• [Task details]
Skip all pictures. Write out the data below from its first line through the line that contains "关照东方家庭的饮食习惯,科学".

• [Data excerpts]
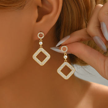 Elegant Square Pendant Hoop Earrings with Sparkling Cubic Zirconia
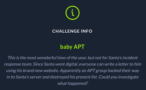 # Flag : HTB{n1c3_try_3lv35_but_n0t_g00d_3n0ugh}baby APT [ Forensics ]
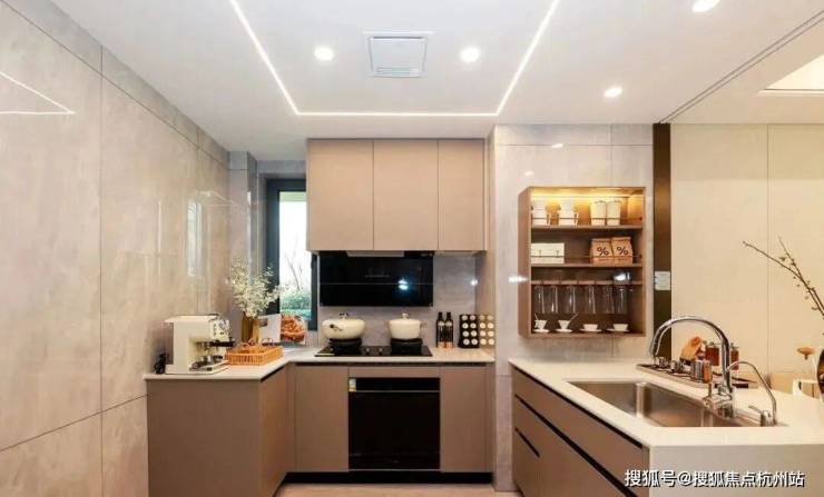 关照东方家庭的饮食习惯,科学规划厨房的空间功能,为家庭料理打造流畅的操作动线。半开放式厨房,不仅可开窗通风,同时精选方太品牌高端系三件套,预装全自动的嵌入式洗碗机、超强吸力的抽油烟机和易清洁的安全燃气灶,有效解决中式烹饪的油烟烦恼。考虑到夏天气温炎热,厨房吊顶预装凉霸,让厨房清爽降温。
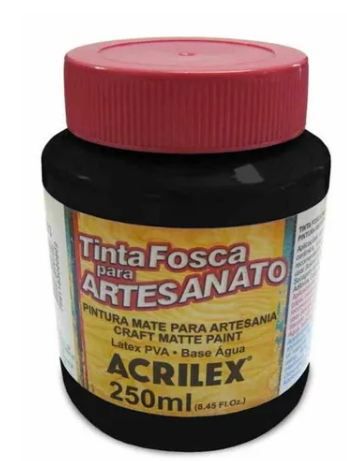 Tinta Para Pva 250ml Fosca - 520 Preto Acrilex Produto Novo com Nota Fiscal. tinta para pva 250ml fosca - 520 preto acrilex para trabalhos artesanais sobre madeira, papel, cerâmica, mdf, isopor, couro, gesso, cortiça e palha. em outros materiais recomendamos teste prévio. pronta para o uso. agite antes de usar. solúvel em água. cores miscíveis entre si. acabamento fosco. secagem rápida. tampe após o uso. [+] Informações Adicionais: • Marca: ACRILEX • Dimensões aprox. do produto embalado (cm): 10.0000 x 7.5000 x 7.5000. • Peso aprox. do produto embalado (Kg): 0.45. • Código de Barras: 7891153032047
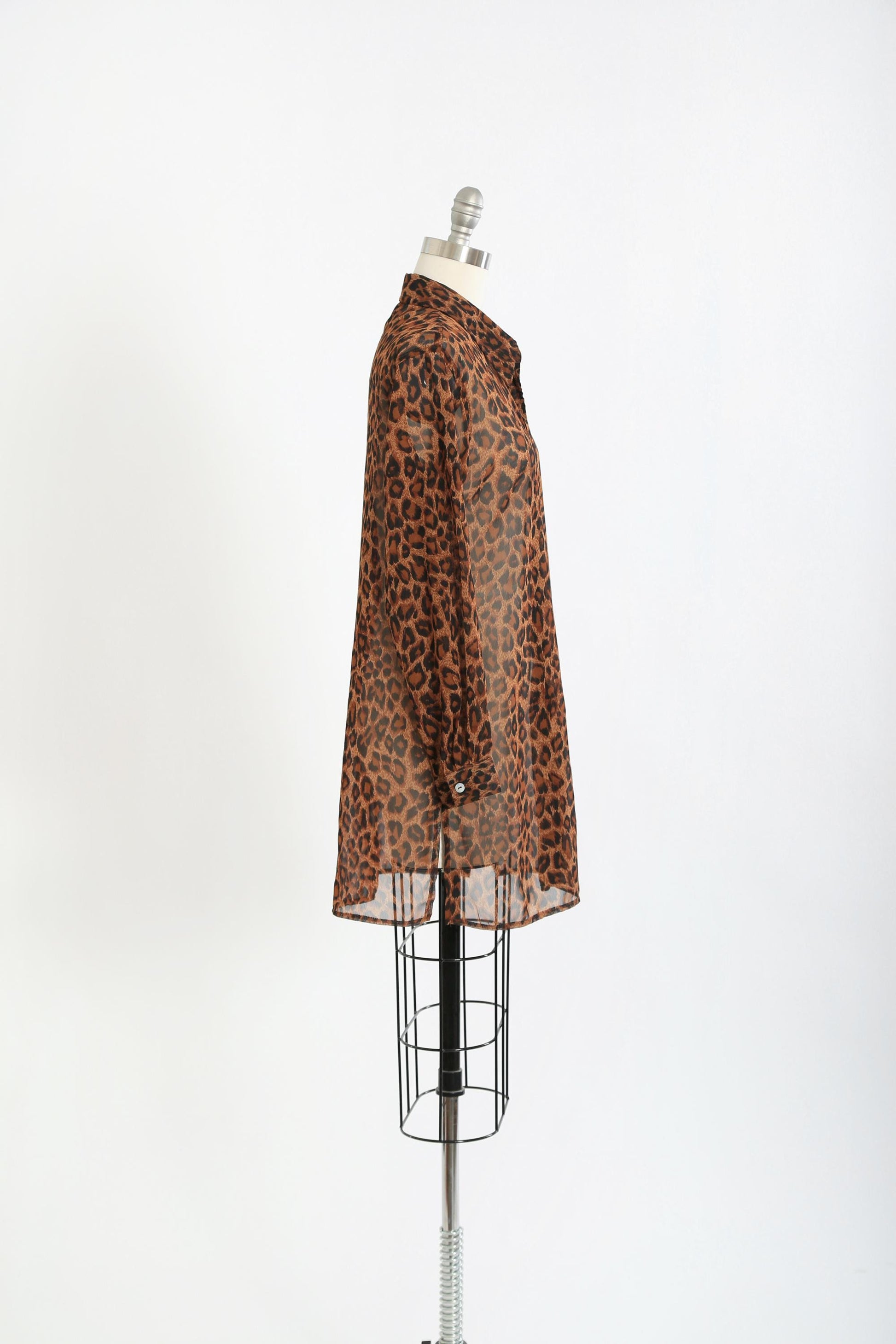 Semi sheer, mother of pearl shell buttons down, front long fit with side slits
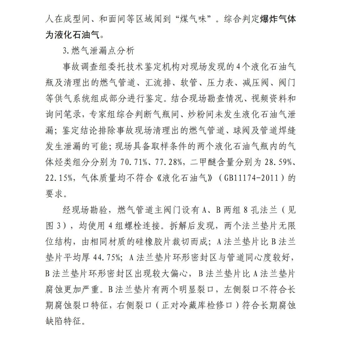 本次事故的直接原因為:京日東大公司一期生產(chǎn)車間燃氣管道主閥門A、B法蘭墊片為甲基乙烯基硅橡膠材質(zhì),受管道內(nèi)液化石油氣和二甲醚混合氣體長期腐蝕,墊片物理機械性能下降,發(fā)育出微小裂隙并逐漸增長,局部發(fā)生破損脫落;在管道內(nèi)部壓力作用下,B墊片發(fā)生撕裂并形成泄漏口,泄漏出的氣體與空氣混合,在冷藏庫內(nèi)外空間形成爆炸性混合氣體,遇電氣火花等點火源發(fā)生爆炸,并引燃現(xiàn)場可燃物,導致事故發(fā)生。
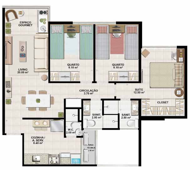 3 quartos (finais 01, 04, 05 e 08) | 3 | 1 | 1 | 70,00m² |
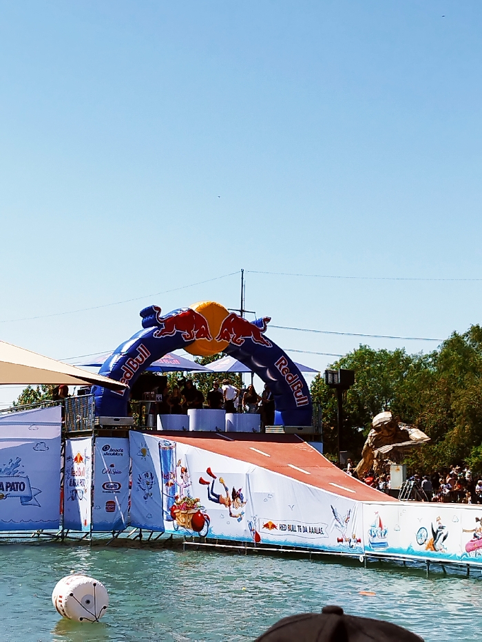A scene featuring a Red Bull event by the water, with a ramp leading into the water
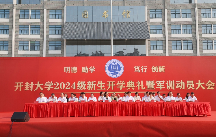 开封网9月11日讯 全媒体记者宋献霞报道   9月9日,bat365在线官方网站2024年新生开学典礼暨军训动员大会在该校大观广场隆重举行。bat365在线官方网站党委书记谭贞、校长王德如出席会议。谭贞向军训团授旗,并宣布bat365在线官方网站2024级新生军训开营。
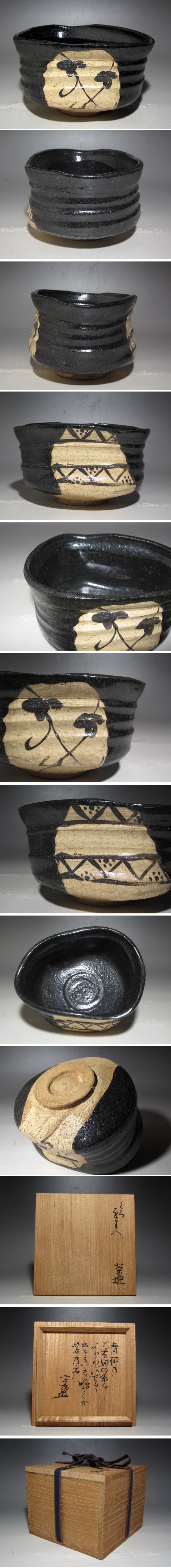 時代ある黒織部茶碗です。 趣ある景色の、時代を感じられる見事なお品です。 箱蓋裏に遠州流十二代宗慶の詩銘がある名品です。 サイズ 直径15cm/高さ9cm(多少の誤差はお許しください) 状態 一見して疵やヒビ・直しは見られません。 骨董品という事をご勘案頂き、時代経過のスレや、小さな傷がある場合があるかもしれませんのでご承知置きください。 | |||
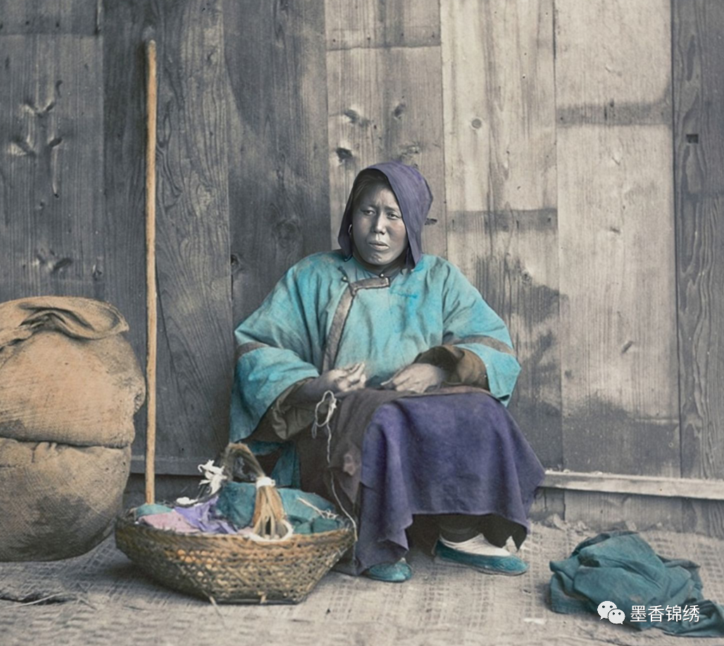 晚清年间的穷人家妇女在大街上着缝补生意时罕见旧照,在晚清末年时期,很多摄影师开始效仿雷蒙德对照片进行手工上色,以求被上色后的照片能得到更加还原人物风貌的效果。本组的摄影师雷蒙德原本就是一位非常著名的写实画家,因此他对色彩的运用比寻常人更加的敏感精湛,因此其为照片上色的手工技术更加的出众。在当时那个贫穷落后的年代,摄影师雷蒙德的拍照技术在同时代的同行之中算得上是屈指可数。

• [Solution to the problem]
 Elegant Square Pendant Hoop Earrings with Sparkling Cubic Zirconia
 # Flag : HTB{n1c3_try_3lv35_but_n0t_g00d_3n0ugh}baby APT [ Forensics ]
 关照东方家庭的饮食习惯,科学规划厨房的空间功能,为家庭料理打造流畅的操作动线。半开放式厨房,不仅可开窗通风,同时精选方太品牌高端系三件套,预装全自动的嵌入式洗碗机、超强吸力的抽油烟机和易清洁的安全燃气灶,有效解决中式烹饪的油烟烦恼。考虑到夏天气温炎热,厨房吊顶预装凉霸,让厨房清爽降温。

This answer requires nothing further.